Gerade im Abschnitt zwischen Oberkipsdorf, Hofehübel und Bärenfels hat sich der alte Charakter bis heute erstaunlich gut erhalten. Anders als die spätere Freiberg-Teplitzer Poststraße verlief die Böhmische Straße eher als Höhen- und Waldweg. Sie war kein repräsentativer Postkurs mit steinernen Säulen und Chausseeausbau, sondern ein alter Nutzweg, der sich an Gelände, Wasserscheiden und trockenen Höhen orientierte.
Besonders spannend ist, dass die genaue historische Linienführung heute gar nicht mehr vollständig sicher rekonstruiert werden kann. In älteren Beschreibungen heißt es, die Straße sei von Rehefeld über Schellerhau nach Bärenfels geführt worden und von dort weiter über den Hofehübel Richtung Dippoldiswalde. Manche Abschnitte gingen vermutlich später in Forstwege oder einfache Feldwege über.
Wenn man dort heute wandert, läuft man oft tatsächlich auf jahrhundertealtem Untergrund. Gerade die sanften Einschnitte im Gelände, kleine Hohlwegansätze oder ungewöhnlich breite Waldwege verraten manchmal noch die alte Nutzung. Fuhrwerke mit Erz, Holzkohle, Salz oder Handelswaren dürften hier unterwegs gewesen sein. Im Winter muss das ein mühsamer Weg gewesen sein — Schneewehen, Eis, Nebel auf der Höhe.
Der Abschnitt am Hofehübel war später eng mit der kurfürstlich-sächsischen Forstverwaltung verbunden. Das Forstamt Bärenfels entwickelte sich seit dem 17. Jahrhundert zu einem bedeutenden Verwaltungspunkt der erzgebirgischen Wälder. Dass die Alte Böhmische Straße direkt daran vorbeiführte, war natürlich kein Zufall.
Heute wirkt die Gegend friedlich und beinahe entrückt. Aber wenn man dort sitzt — vielleicht genau an so einem Weg wie auf Ihrem Foto — kann man sich gut vorstellen, wie einst einzelne Fuhrwerke aus dem Wald auftauchten. Eisenbeschlagene Räder, Pferdegeschirr, vielleicht das Knarren eines beladenen Wagens. Und ringsum dieselben dunklen Fichtenwälder, die das Osterzgebirge bis heute prägen.

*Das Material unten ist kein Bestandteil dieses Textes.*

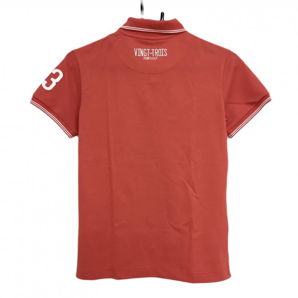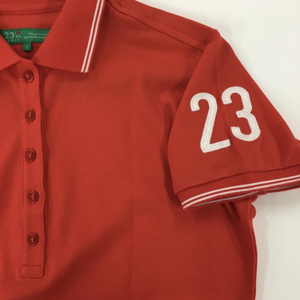 【超美品】23区ゴルフ 半袖ポロシャツ レッド×白 襟袖口ライン レディース 1(M) ゴルフウェア 23区
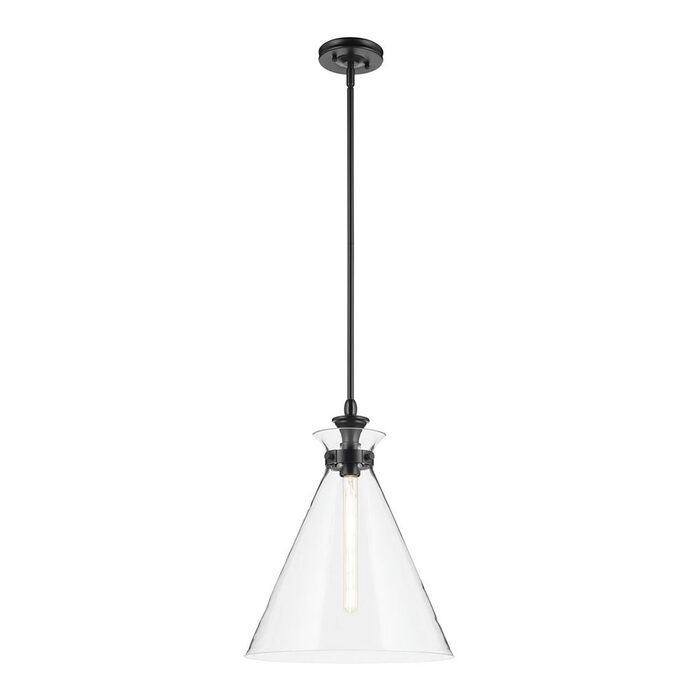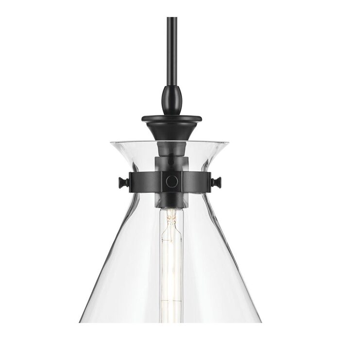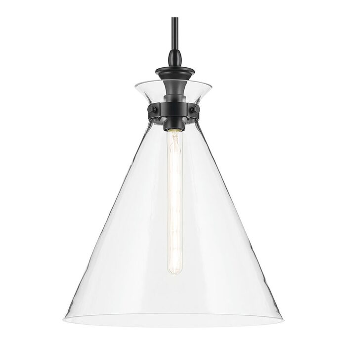 The canopy features a soft, subtle curvature for added detail. Clear glass allows the bulb to show through for a truly refined look.

Der Weg zwischen Oberkipsdorf und Bärenfels wird inzwischen gern als Wanderweg genutzt. Besonders schön sind die Abschnitte um den Hofehübel mit den Blicken in die Täler von Weißeritz und Pöbelbach. Gerade im Frühjahr oder an klaren Herbsttagen liegt dort eine ganz eigene Stimmung — halb alte Handelsstraße, halb stiller Forstweg.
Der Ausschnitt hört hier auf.